I love this blurb, let me start with that. In the beginning I thought this was going to be some kind of cliche book with a love triangle, but then the second part came, and holy, you blew me away. I did not expect that at all. But I love this twist you already brought into the blurb! It got me so interested and really caught my attention. A great way to introduce the story. I'm so curious about this now, and I can't wait to read it.

Hook Review:

I love this prologue! Your writing style is so fun to read, and I can't wait to get into the actual story. I already love her thoughts on love triangle books (agree with her), and just her as an overall character has been put down very well already. I can't wait to read more about her and to get to know what she will all do inside this story. And I have to read more chapters for the hook, but I'm already hooked here, so actually I don't need more, but yeah, here we go. The beginning of the first chapter was a repetition of what already was said in the blurb and the prologue. I just wanted to get to the point where she was in the book, and I actually thought that was where this chapter would start.

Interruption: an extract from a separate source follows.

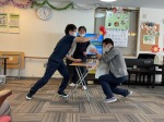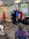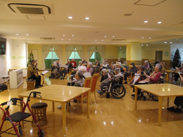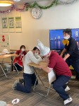 こんにちは、シーハーツ柏です。本日は、クリスマス会のゲームの様子をお伝えします。スタッフ同士の対決で、入居者様に勝者を当てていただき、正解した方には素敵なお菓子のプレゼント! ということで、本気で腕相撲。アピールタイムでは、上腕二頭筋のお披露目も((笑)勝者はケアスタッフの大井さん。大井さんと予想された入居者様は笑顔でにっこり。そして後半には、渡邊施設長もゲームに参戦です。このゲームはご覧になったかたも多いはず!「叩いてかぶってジャンケンポン!」 反射神経が要です。勝者の予想は、、「ふふーん。私はBかなぁ!」と、皆さんの前で笑顔で宣言された、入居者のK様。 なぜか、事務担当の岩﨑さんの支持率が施設長を上回る結果に。勝者は、、、なんと、渡邉施設長! 「あーあ↓💦」と声を漏らした入居者様のT様。少数派の入居者様がお菓子をGetする結果に((^^♥ また、全て正解という入居者様もいらっしゃって、両手いっぱいのお菓子♪ ゲームが終わったところで、鈴の音が聞こえてきます。 わぉ! 「みなさーん、お久しぶりです!北国から来ました~。」と手を振るサンタと可愛いトナカイの登場です! 続きは次回へ⇒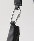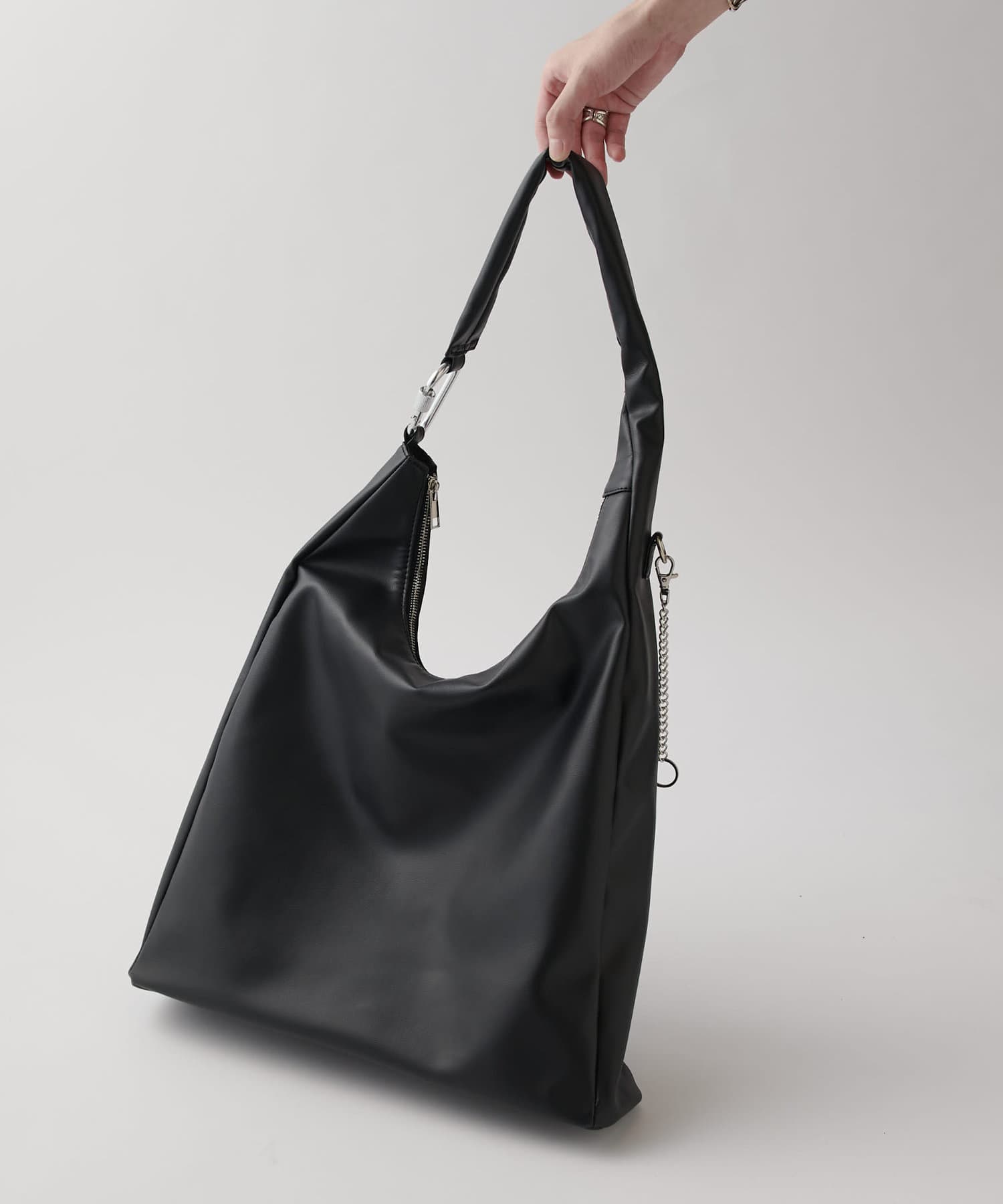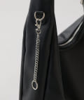 メタルチェーンのアクセントが特徴的なこちらのバッグ。ショルダー部分の一部をチェーンとカラビナのアクセントで仕上げたユニークなデザイン。

I believe you still could do that, the reader already knows why she decides to read the book, and starting with the confusement (the moment after she hit the bus) would be great as well. Then you don't fall back into something that's already been said before. For the rest, I believe this is a great hook, and I really want to read further. I love this concept, and I love Zee. You introduced her so well!

Plot Development Review:

I love how you started with Zee wanting to relax and doing nothing, I mean, honestly, wouldn't we all be like that if we would come in a world like that? It was so realistic to read for me. Also, her thoughts are wonderful to read. At first, I was so confused as to where in the storyline she came from, but very fast it became clear that it was before everything of the 'original' story took place. I love that Zee saw her mission there, and that the plot started to roll. I just love the vibe this story has, and I think I will even read this further. One thing I found weird was Zee bringing Nick's mom to the club. I mean, who wants to bring a parent to a club as a teen? And Nick wasn't that embarrassed? He only cared about the drinking part? They also moved on so quickly? Oh, and I don't believe he assumed the worst, it was quite obvious to think that. But the entire thing felt off for me. It just felt weird inside this story, as it also quite came out of nowhere, I can't say it in other words. I just don't believe it fits in the rest of the story you're writing here. I loved the rest of the story, and I really gotta connect with the characters. I also love that you don't only tell it from Zee's perspective, but also from Nick's perspective. Your story started great, and throughout the first chapters I got into the story really well. The plot started pretty fast, it developed well already, and I'm curious what happens more in this story. I at least believe this is a great concept and you write it amazingly! 

 I at least believe this is a great concept and you write it amazingly!